O militar italiano, o oficial russo e os cinco mil euros de segredos da NATO
A investigação terá começado há uns meses e deu frutos na noite de terça-feira. Num parque de estacionamento de um centro comercial de Roma, um capitão-de-fragata da Marinha italiana foi apanhado em flagrante a vender por cinco mil euros informação classificada do Ministério da Defesa - incluindo documentos da NATO - a um oficial acreditado na embaixada da Rússia. Resultado: o capitão italiano foi preso por "crimes graves contra a segurança do Estado" e o oficial russo, que evitou a prisão por ter imunidade diplomática, foi expulso de Itália junto com o seu superior. Moscovo parece desvalorizar o caso.
"Um ato hostil de extrema gravidade." Foi desta forma que o chefe da diplomacia italiana, Luigi Di Maio, descreveu o caso na comissão das Relações Externas do Parlamento italiano. O embaixador russo em Itália, Sergey Razov, foi chamado de emergência ao Ministério dos Negócios Estrangeiros, tendo as autoridades italianas manifestado o seu protesto pelo ocorrido e comunicado a decisão de expulsar os dois oficiais russos.
"Agradeço aos serviços de informação e a todos os órgãos do Estado que trabalham na segurança do nosso país todos os dias", escreveu Di Maio no Facebook. A investigação poderá revelar que informações o capitão de fragata, que foi identificado pelos media italianos como sendo Walter Biot e trabalhar dentro do gabinete do Chefe do Estado-Maior da Defesa, já teria vendido antes aos russos.
Os primeiros indícios da relação entre o italiano e o oficial russo surgiram há alguns meses, da parte da Agência de Informação e Segurança Interna. Desde então, terão sido dadas ordens de vigilância de ambos os suspeitos, que culminaram na operação que permitiu apanhá-los em flagrante esta terça-feira à noite. Além dos cinco mil euros em dinheiro, foi apreendida uma pen onde o capitão-de-fragata tinha colocado as fotos dos documentos secretos capturadas no seu ecrã de computados.
De acordo com o Corriere della Sera, uma análise do material apreendido no apartamento de Biot já terá permitido concluir que o capitão-de-fragata terá vendido informação secreta referente à NATO. "Não comentamos questões de inteligência", indicou um oficial da NATO, citado pela AFP, encaminhando qualquer pergunta sobre o tema para as autoridades italianas.
Já os russos, parecem tentados a desvalorizar a situação. Inicialmente, a embaixada em Itália confirmou que um dos seus adidos militares tinha sido parado pela polícia na terça-feira, dizendo que era "inapropriado comentar" com maior detalhe o caso. Mais tarde, num comunicado, lamentou a expulsão de dois dos oficiais, sem mencionar possíveis gestos de retaliação - a ação normal neste tipo de situações.

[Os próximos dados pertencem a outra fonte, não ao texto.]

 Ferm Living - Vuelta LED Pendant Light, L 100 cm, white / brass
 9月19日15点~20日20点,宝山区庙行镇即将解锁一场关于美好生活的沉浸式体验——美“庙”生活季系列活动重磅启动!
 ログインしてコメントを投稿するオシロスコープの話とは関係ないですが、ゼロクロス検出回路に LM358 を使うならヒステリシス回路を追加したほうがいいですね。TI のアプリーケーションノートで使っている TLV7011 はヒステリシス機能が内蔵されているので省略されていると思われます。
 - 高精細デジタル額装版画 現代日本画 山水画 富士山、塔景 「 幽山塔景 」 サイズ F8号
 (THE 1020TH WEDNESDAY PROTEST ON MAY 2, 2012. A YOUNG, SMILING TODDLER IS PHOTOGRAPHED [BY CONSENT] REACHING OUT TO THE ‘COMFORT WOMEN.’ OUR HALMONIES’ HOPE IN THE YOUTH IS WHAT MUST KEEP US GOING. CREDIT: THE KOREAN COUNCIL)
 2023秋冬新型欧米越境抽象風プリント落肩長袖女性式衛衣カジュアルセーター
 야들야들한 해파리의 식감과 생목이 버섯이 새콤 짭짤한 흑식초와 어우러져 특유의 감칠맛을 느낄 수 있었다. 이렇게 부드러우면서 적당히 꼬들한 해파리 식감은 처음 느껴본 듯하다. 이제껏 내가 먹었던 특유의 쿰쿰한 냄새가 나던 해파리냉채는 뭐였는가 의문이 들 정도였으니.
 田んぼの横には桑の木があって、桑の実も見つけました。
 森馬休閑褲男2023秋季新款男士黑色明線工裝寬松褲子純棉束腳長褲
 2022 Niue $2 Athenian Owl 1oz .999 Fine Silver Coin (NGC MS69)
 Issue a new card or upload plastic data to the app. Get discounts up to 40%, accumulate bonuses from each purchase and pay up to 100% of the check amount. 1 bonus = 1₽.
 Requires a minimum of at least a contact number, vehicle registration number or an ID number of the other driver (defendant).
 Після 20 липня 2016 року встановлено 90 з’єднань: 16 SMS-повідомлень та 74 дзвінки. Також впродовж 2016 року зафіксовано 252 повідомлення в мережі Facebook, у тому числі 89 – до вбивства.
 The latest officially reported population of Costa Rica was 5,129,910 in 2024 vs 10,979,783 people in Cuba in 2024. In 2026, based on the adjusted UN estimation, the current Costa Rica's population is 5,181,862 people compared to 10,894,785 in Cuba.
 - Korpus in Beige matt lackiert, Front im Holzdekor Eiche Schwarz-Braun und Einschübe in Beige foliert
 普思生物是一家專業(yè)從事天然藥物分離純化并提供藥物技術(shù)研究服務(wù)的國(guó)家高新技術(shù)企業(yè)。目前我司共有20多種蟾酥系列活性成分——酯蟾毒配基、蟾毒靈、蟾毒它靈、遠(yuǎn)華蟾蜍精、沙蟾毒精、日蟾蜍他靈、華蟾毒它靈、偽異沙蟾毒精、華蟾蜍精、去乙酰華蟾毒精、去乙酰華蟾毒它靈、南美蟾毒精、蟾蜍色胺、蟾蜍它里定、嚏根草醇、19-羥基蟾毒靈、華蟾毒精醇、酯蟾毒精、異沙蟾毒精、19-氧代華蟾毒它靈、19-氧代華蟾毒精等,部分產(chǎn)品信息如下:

O Ministério dos Negócios Estrangeiros russo foi ligeiramente mais longe, dizendo que "possíveis passos em relação com a situação que não é conforme ao nível das relações bilaterais será anunciado mais tarde". Contudo, o porta-voz do Kremlin, Dmitry Peskov, disse que a presidência russa não tinha "informações sobre as causas e circunstâncias" do caso. E acrescentou: "Esperamos que o caráter positivo e construtivo das nossas relações permaneça e seja preservado."
A Itália sempre foi vista como um dos principais aliados da Rússia dentro da União Europeia, sendo Roma por vezes apresentada como "o cavalo de Troia" de Moscovo. Além do ex-primeiro-ministro italiano Silvio Berlusconi ser um amigo pessoal do presidente russo, Vladimir Putin, os italianos levantaram obstáculos à introdução de sanções económicas contra os russos, depois da guerra na Ucrânia em 2014. E, em 2016, o então primeiro-ministro Matteo Renzi foi um dos primeiros líderes europeus a visitar o Kremlin depois da anexação da Crimeia.
Mais recentemente, Itália está entre os países europeus que está a pressionar para a aprovação da vacina russa contra a covid-19, tendo mesmo chegado a acordo com Moscovo no início de março para o fabrico da Sputnik-V no país. "A Rússia está a pressionar forte" para conseguir a aprovação da vacina por parte da Agência Europeia do Medicamento "e Itália já falou várias vezes nesse sentido a pedido dos russos", por isso arruinar as relações com Roma nesta altura "podia ser um gesto contraprodutivo", indicou a analista Eleonora Tafuro, especialista em temas russos no think tank ISPI, de Milão, à AFP.
O caso de espionagem russa em Itália é o segundo em menos de um mês a ser descoberto. A Bulgária, outro estado membro da União Europeia e da NATO, expulsou também dois diplomatas russos na semana passada, depois de seis pessoas terem sido detidas, incluindo vários oficiais do Ministério da Defesa, por suspeitas de espiarem para a Rússia.